Коста скинул верхнее покрывало с кровати, запер хлипкую дверь и погасил свечи. Устроился посередине на полу и закрыл глаза.
…Но вместо будущего перед глазами упорно вставала смешливая булочка Мэй-эр с ямочками на щечках. Зимы будут идти, персиковые саженцы приживутся и вытянутся…Сезоны будут сменять сезоны, и однажды сад поместья Блау осыпят лепестки персиков…

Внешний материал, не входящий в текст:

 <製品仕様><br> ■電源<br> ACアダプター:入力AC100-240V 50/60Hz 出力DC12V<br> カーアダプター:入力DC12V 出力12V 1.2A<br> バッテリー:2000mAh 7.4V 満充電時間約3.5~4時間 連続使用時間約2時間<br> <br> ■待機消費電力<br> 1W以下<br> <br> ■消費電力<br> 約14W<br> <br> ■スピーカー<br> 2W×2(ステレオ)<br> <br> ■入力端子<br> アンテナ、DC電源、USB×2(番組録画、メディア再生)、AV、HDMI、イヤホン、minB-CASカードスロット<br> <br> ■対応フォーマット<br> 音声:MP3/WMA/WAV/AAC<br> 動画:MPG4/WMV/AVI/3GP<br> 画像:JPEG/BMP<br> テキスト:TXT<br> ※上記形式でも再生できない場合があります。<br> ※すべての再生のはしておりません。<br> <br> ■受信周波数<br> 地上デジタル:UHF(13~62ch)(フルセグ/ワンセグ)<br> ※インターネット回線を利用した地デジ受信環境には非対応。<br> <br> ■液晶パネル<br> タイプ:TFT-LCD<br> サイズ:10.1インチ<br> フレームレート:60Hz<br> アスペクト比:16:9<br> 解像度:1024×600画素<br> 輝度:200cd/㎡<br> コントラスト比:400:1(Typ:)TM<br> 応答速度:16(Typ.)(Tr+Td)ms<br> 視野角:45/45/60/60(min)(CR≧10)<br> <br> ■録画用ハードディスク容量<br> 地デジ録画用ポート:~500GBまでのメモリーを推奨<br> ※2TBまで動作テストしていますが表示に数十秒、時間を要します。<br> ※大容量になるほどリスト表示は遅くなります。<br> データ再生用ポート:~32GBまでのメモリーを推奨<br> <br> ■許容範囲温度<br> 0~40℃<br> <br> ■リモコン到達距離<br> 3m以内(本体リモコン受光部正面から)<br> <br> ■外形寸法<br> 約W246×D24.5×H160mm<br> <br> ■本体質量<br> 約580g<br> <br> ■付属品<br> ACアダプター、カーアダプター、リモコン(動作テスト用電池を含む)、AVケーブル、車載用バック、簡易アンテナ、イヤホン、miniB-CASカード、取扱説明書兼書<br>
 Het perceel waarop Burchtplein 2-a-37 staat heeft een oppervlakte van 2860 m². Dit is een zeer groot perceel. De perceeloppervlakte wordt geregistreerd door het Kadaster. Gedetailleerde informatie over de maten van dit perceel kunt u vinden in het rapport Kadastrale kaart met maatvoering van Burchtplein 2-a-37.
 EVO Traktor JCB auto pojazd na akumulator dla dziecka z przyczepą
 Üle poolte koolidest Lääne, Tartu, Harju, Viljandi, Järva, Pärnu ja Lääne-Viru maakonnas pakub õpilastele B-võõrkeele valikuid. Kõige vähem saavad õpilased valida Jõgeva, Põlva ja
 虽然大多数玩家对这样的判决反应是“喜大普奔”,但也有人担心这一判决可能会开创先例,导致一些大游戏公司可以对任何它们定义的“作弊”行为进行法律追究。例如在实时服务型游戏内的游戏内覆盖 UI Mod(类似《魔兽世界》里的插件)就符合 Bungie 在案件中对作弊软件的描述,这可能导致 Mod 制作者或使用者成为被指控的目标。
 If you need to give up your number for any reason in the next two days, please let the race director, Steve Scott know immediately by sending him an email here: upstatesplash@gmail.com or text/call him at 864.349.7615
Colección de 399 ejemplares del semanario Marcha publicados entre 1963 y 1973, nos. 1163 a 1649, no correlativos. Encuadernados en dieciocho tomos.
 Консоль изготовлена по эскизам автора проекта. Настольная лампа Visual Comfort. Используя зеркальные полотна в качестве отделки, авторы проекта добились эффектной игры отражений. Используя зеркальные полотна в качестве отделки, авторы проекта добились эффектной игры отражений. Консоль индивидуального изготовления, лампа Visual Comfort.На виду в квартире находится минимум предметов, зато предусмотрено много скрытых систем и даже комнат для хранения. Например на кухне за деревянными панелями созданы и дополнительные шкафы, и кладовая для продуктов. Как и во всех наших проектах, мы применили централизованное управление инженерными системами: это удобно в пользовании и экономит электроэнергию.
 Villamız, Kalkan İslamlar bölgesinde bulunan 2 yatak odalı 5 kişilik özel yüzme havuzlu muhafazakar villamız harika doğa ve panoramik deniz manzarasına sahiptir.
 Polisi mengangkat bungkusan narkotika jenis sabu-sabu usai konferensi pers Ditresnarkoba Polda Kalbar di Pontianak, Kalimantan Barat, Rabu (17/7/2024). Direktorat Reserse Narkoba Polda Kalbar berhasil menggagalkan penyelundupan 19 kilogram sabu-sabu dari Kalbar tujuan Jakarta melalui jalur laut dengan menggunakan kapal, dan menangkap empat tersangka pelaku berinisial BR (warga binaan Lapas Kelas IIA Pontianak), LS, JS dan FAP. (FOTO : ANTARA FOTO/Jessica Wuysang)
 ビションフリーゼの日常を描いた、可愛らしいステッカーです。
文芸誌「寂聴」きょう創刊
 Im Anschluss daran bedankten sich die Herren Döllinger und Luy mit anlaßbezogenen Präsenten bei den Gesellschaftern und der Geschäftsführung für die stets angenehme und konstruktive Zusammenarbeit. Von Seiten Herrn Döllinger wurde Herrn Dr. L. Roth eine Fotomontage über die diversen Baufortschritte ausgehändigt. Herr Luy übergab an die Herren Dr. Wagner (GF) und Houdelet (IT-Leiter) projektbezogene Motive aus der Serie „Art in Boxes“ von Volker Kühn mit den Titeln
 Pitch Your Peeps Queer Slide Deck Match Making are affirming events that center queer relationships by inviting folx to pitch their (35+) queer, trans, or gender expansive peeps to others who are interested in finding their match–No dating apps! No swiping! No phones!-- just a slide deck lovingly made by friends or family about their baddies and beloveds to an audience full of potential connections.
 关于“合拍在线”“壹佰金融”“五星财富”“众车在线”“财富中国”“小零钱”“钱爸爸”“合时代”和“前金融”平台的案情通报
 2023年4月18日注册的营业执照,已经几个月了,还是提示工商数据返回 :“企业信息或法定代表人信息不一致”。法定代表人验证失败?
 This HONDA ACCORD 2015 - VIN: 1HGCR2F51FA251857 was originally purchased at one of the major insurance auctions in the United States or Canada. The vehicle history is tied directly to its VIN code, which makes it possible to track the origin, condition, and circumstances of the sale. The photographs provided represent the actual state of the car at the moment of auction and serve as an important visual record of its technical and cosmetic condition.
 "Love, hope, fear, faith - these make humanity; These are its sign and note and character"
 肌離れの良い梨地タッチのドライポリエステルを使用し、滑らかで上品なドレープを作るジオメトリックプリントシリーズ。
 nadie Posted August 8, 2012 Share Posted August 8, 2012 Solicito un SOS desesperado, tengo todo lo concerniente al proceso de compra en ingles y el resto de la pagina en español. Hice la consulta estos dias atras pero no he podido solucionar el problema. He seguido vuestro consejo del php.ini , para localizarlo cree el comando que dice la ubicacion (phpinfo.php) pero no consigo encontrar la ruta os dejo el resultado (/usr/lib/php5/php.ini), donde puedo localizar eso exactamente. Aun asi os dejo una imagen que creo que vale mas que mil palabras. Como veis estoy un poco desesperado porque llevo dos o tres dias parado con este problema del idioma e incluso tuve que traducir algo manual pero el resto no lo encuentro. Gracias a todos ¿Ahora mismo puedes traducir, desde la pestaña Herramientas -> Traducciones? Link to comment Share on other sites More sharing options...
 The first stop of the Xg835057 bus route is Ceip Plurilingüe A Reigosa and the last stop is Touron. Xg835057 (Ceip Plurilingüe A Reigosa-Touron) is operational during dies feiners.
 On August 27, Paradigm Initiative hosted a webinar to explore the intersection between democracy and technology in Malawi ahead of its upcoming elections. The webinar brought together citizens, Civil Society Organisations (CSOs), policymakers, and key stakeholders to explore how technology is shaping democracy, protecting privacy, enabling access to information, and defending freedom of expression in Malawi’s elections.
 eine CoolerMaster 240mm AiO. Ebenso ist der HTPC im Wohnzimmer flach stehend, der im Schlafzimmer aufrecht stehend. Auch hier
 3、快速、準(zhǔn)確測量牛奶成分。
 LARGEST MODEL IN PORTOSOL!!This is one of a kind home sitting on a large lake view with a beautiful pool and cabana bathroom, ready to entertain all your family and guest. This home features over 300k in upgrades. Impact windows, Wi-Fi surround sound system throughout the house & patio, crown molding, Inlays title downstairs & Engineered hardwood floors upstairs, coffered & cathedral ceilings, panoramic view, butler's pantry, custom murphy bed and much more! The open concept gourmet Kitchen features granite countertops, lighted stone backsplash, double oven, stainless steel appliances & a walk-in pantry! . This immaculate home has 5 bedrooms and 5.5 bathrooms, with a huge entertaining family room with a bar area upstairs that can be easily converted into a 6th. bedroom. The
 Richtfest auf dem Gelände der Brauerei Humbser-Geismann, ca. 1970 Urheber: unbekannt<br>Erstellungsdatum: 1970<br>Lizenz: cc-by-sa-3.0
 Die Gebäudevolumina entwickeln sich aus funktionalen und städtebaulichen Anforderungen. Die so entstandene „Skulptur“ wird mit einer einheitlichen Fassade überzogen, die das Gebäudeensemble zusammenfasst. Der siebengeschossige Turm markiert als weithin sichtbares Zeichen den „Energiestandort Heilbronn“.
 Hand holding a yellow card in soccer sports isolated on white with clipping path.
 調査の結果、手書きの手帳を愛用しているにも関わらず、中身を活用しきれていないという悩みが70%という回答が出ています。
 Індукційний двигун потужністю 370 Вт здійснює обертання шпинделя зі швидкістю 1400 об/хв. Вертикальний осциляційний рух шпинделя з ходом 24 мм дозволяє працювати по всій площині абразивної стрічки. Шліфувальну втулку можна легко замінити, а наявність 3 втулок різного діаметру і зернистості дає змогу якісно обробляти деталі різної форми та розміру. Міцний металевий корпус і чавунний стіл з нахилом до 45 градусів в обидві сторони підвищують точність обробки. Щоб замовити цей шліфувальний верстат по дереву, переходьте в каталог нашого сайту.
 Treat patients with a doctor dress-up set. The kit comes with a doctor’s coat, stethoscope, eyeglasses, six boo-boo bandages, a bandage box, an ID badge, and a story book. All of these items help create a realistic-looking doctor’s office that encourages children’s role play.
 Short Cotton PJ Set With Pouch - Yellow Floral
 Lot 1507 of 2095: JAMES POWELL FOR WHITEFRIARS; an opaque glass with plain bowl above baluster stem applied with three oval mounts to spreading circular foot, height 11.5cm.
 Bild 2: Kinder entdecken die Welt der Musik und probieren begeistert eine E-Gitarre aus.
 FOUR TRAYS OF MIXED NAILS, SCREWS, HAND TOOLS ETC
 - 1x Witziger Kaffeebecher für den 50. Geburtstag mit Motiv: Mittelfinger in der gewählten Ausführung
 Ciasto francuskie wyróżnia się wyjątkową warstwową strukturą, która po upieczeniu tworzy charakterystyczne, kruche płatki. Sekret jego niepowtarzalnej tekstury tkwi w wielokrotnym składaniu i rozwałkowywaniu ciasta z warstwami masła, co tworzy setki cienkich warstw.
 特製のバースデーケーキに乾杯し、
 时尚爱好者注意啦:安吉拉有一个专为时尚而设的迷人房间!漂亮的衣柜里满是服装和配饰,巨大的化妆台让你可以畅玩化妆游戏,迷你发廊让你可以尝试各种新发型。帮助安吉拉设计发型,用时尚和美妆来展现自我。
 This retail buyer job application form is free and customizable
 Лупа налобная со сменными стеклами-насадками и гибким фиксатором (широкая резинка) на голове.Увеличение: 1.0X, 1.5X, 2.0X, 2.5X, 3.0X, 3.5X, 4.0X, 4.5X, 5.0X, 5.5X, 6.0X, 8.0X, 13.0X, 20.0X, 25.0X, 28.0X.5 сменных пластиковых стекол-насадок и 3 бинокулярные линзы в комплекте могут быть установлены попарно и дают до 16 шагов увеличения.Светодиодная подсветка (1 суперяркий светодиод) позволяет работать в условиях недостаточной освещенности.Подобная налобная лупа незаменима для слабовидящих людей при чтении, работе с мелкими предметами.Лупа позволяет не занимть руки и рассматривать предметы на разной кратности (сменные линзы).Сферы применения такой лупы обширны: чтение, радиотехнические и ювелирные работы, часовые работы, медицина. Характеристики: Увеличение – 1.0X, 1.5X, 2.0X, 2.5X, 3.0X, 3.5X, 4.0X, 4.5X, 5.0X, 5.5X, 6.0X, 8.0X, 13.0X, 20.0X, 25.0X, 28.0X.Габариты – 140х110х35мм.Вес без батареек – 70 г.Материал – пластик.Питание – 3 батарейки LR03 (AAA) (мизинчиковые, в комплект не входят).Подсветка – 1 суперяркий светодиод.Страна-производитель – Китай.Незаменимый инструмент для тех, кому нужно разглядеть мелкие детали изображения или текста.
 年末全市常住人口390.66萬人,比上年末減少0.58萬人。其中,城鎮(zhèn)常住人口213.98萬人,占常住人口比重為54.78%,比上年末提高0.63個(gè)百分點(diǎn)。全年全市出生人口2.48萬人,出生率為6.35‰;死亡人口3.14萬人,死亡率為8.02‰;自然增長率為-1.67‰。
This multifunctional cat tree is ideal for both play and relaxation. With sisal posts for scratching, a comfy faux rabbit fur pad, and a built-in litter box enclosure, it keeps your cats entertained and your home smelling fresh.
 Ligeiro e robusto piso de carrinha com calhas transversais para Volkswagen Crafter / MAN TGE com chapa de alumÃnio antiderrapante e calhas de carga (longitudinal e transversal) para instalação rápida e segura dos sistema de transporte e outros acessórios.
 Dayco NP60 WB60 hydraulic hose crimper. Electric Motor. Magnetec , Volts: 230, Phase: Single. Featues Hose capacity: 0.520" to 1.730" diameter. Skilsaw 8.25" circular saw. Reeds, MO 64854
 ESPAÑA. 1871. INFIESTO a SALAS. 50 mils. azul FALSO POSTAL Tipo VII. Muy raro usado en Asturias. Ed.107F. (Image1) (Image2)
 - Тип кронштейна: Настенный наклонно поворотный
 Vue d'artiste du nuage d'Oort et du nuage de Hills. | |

…Два крыла достроят, зимний сад на крыше — Коста почти видел, как яркие лучи светила играют на витражах…
…Булочка Мэй-эр вырастет, у нее будут дети и поколения за поколениями, спускаясь в алтарный зал они будут видеть надпись над входом…
…Первый Аксель в роду Блау станет мужчиной, и через десять зим не отец, а он, соберет отряд зачистки и поведет их вниз…
Поколения за поколением.
Зима за зимой.
Сезон за сезон.
Блау хранят Блау.
***
Ступеньки под весом мастера Хо надсадно скрипнули, и он застыл, чтобы не помешать, но ученик не обращал внимания. Внизу на столе, озаряемом светом огня, были расстелены пергаменты, прижатые пиалами и чайником.
Кисть взлетала и опадала, руки скользили вдохновенно, он чертил с полуприкрытыми глазами.
Малец уснул там же, через пятнадцать мгновений, и старик спустился вниз. Обошел стол, помедлив, и выдохнул. Когда прочитал. И украдкой вытер предательски повлажневшие глаза.
— Я смог, — прошептал он беззвучно. — Вы говорили я никогда не смогу… но я — смог. — Хо потер бесполезную печать пальцами — простой кусок металла, который ещё никого не сделал мастером. — Вот теперь я — Мастер, учитель…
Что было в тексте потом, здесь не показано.